Why do you hand out water and candy? In over 4100 completed trips, I have had 3 people ask for water. I say no, this is UberX, request select or black for extras.


----------



## Lord Summerisle

Any driver that uses Uber as a rider and doesn't tip should be publicly disembowelled.


----------



## Lord Summerisle

sicky said:


> I did not know this.
> 
> Edit: is there a way to see if a Lyft rider is also a Lyft driver?


There'll be a cheesy picture of the driver with a toxic green background.


----------



## CIncinnatiDriver

nplyftcp said:


> ..., I drop him off, and he tipped $1 LOL


I just tried the following:

someone said she'd tip up front, so I said , ' can you do that now, so I can start giving amazing 5 star service?" (said with a smile  

(I know, the last part is almost terrible....I was thinking/fumbling on the fly, it was late at night..)

But the tip was great, so I'm starting to think earlier is better.


----------



## Cou-ber

I won't even take uber because I'm not giving my money to scum sucking canker sores who get ridiculously rich off the efforts of far better people than they could ever aspire to be. If I'm with a group who wants to uber, I bail but only after I make sure someone in the uber has a minimum of $10 to tip regardless of the fare.


----------



## RockinEZ

I have driven dozens of people that told me they were drivers. 
They don't tip any more than the average population of pax. 

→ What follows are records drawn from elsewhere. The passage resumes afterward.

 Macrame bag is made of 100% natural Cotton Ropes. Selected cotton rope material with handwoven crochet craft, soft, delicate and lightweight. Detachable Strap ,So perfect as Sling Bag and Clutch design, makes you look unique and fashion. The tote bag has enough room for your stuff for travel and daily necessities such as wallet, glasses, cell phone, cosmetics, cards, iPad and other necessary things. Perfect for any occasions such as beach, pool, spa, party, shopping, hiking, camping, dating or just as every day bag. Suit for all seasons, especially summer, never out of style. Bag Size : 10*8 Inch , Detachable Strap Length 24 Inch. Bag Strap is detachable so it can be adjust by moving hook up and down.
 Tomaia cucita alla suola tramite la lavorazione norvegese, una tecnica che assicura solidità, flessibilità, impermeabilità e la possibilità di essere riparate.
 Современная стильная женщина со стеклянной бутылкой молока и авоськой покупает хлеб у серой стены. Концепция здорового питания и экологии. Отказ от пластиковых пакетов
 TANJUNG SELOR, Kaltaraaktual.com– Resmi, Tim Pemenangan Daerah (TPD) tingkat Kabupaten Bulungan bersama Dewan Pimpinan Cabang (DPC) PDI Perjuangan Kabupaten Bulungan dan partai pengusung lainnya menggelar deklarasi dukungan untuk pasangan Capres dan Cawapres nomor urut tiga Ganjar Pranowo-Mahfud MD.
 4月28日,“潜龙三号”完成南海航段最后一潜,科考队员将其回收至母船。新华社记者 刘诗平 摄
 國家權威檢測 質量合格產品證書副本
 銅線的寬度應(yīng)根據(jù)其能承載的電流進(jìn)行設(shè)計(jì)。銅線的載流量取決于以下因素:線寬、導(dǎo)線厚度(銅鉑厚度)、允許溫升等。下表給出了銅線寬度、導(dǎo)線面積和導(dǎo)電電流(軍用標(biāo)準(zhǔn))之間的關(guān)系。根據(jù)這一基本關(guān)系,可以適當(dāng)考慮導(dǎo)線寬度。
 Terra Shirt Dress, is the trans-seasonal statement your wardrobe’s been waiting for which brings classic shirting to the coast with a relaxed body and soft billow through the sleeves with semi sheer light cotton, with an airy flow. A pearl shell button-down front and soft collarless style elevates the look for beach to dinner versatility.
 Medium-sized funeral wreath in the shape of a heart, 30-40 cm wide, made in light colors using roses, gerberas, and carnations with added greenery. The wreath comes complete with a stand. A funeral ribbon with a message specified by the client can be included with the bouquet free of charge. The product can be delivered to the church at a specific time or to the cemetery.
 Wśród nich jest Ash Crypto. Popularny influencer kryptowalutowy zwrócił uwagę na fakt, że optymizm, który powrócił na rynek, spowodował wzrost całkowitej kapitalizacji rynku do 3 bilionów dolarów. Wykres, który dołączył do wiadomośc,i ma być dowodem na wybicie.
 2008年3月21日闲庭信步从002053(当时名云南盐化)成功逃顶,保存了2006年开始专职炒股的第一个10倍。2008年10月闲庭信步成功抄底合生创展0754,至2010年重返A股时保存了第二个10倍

I figure if you are driving for Uber you are freaking broke anyway. 

Me, I tip 15%. Just like a waiter.


----------



## CIncinnatiDriver

I tip. i know X driving is a scam. But many drivers don't....why participate in tricking them into a bad deal? Just f'n people over, doesn't seem right...
I tip like 25%. Which is generous, imo.


----------



## negeorgia

CIncinnatiDriver said:


> I tip. i know X driving is a scam. But many drivers don't....why participate in tricking them into a bad deal? Just f'n people over, doesn't seem right...
> I tip like 25%. Which is generous, imo.


Agreed, but most things are a scam.


----------



## Holla

Interesting thread.. Weather rider or rider/driver, I do not expect a tip anyway. We all know the reasons why. But more appreciated when they do throw a Abe Lincoln on the armrest..


----------



## colio

I tip every time, but I have never told the driver that I was a driver. I have driven 5 uber drivers and have never been tipped. I didn't do anything to them rating wise.


----------



## Lyftonly

I drive for Lyft I always tip when I use the pax feat. I was feeling sick an my friend called an uber. I felt bad for the poor Sap who looked terribly desperate and was whining about rate cuts down to 65 cents in the IE most of the drive, at the end of the ride I stiffed him. I didn't have cash. But on a positive note my commute was 22miles.


----------



## UberLaLa

I stop my car and unlock the door so they can *get out!* Wait....that's what I already did ending the trip...


----------



## JaredJ

UberLou said:


> Most drivers should know by now that when you pick up another driver their rating appears on your screen with 3 digits i.e. 4.75 unlike a regular rider that comes up with 2 i.e. 4.8. The only exception to this is if the driver setup their rider account under a different email address which is uncommon for drivers that signed up over the last 1.5 years.
> 
> I see drivers on this forum gripe constantly about not getting tipped by passengers so I wanted to put this to a test. I noted over the last month every time I picked up another driver. I never told them I knew and only 2 of them told me they were drivers. I picked up a total of 11 drivers and 8 of them did not tip.
> 
> What would you have done with those 8 drivers? Said something as they got out? Give them a 1 star rating?
> 
> Drivers you cannot have it both ways, if you want to get tipped you need to tip. We should know better than the common rider.
> 
> UberLou


The important thing is doing what you can when you can and not sweat the small stuff. Had an outbound flight from LAX at 5am. Lyft was 20 minutes away, Uber was 4. Didn't carry cash but the driver was appreciative of the long fare. Apologized, but we had a nice 45 minute driver/talk. Do what you can when you can. If drivers want to be explicitly tipped they can drive Lyft. This is an e-commerce society. To be fair I asked him if he had Venmo.


----------



## RockinEZ

Twenty bucks in change, never leave home without it. 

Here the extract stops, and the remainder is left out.